In the material below, find the line with "De eerste verdieping" and the line with "はじめやすいミニクラス・パーソナルクラスもあり!", then output those two lines and every line between them, exactly.

**Data to examine**:
────────────────────────────────────────
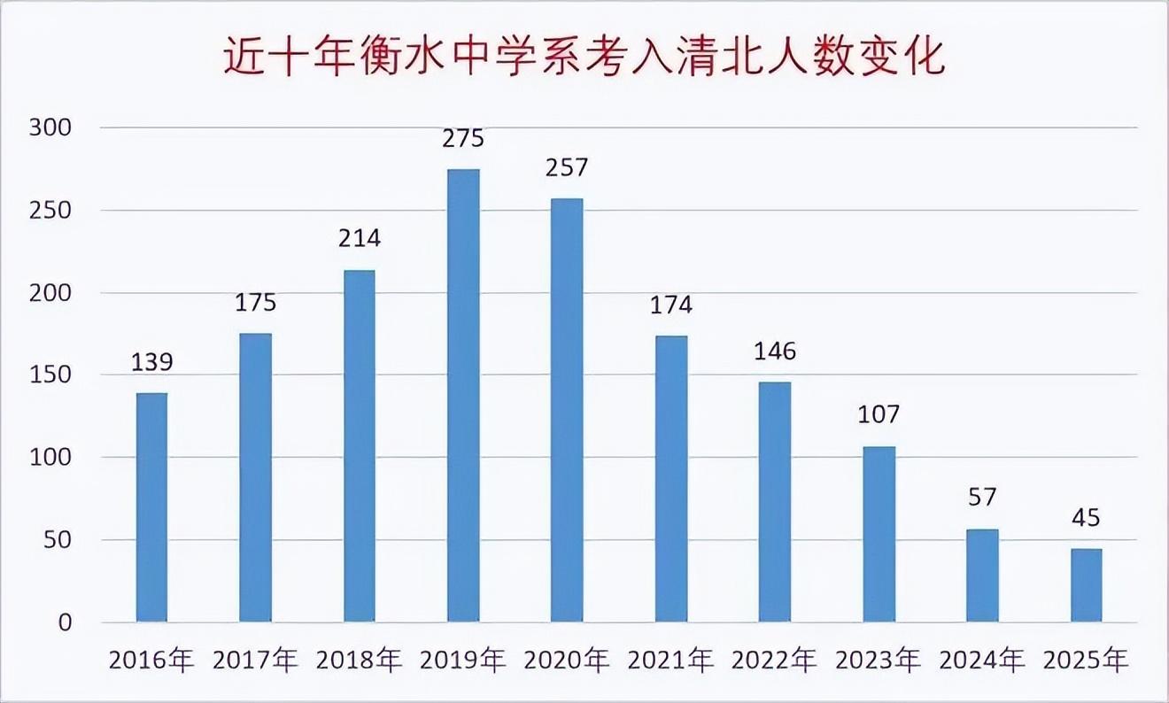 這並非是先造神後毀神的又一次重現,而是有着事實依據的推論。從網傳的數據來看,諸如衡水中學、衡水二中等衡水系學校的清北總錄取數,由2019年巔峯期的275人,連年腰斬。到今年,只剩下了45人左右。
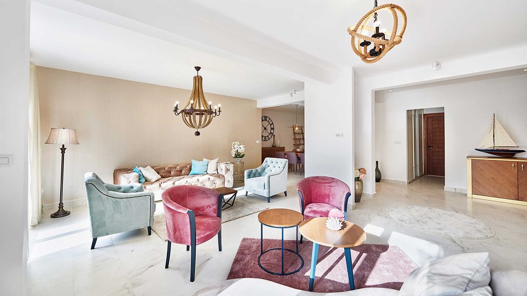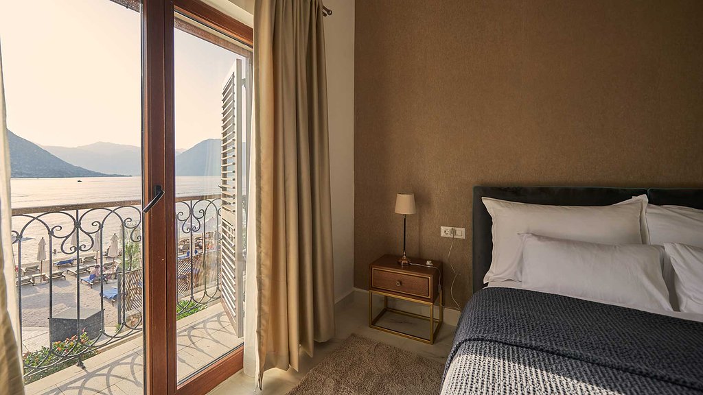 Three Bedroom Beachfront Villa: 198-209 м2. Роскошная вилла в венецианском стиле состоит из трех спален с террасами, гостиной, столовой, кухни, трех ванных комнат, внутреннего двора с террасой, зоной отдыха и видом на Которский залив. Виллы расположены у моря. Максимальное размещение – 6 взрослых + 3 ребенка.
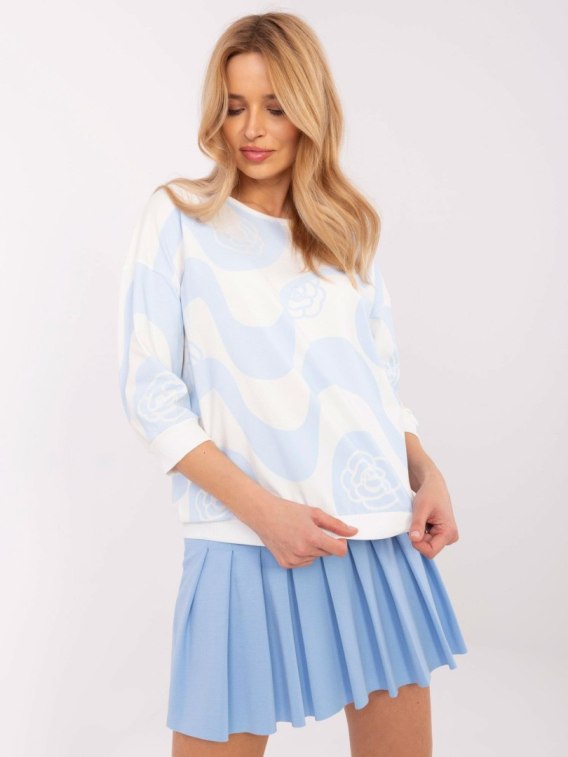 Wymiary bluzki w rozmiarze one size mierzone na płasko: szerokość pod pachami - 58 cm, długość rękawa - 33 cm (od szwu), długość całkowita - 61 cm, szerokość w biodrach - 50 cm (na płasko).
────────────────────────────────────────
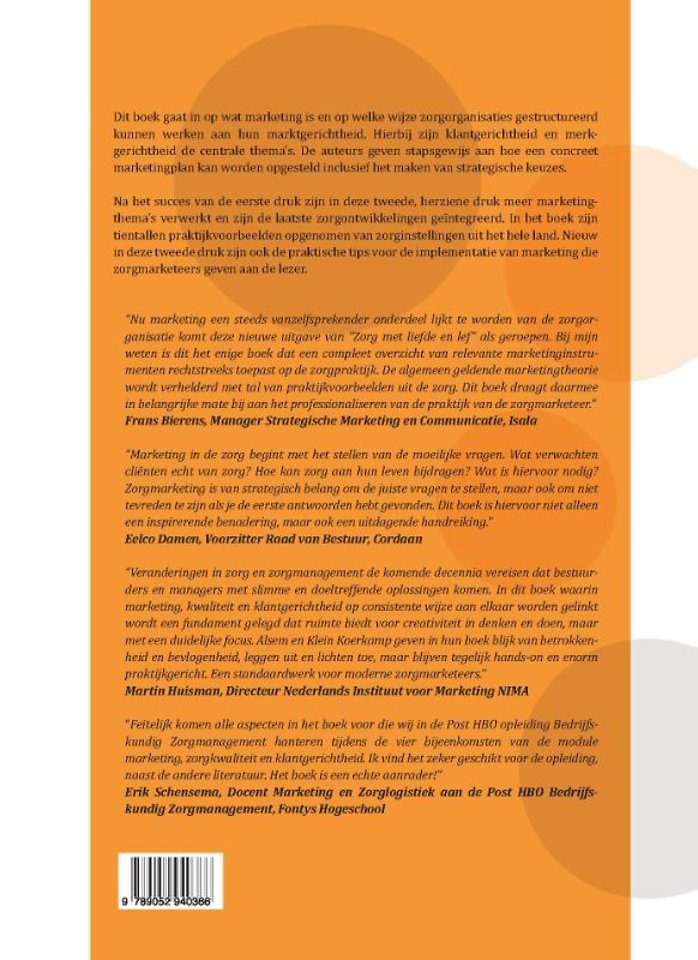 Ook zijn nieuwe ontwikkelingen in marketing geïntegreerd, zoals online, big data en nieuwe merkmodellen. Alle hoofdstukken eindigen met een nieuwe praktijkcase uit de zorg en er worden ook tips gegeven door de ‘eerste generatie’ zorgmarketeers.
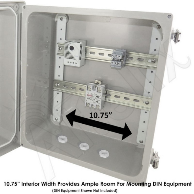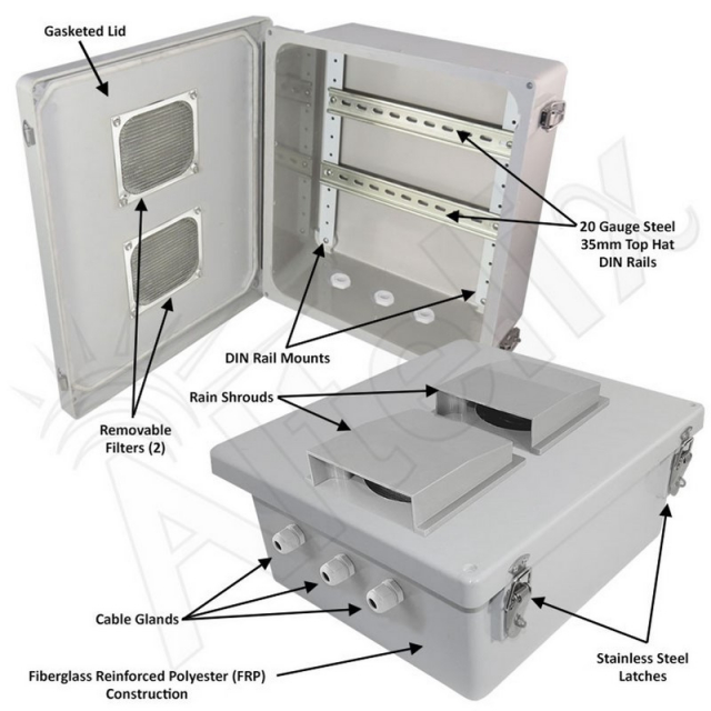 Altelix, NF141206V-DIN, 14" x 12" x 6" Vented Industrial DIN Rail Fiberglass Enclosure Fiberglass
────────────────────────────────────────
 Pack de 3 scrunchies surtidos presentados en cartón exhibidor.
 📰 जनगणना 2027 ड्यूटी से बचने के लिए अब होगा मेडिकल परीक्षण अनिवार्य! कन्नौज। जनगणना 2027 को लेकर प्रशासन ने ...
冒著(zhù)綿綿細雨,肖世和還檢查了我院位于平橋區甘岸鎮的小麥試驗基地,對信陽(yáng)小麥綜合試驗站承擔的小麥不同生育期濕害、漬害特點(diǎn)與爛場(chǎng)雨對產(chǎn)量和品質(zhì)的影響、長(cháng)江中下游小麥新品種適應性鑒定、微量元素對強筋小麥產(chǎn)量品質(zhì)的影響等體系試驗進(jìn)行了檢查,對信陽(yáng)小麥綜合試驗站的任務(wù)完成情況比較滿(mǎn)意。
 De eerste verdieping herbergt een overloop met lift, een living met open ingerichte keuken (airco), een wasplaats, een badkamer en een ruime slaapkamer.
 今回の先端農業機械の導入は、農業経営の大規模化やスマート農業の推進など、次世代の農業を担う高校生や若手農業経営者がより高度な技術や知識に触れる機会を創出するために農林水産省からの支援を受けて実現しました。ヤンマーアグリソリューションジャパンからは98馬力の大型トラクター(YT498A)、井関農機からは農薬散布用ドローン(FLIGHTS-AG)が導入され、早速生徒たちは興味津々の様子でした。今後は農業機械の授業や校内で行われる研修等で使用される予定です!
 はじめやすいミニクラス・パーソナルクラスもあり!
────────────────────────────────────────
**Your response**:
 De eerste verdieping herbergt een overloop met lift, een living met open ingerichte keuken (airco), een wasplaats, een badkamer en een ruime slaapkamer.
 今回の先端農業機械の導入は、農業経営の大規模化やスマート農業の推進など、次世代の農業を担う高校生や若手農業経営者がより高度な技術や知識に触れる機会を創出するために農林水産省からの支援を受けて実現しました。ヤンマーアグリソリューションジャパンからは98馬力の大型トラクター(YT498A)、井関農機からは農薬散布用ドローン(FLIGHTS-AG)が導入され、早速生徒たちは興味津々の様子でした。今後は農業機械の授業や校内で行われる研修等で使用される予定です!
 はじめやすいミニクラス・パーソナルクラスもあり!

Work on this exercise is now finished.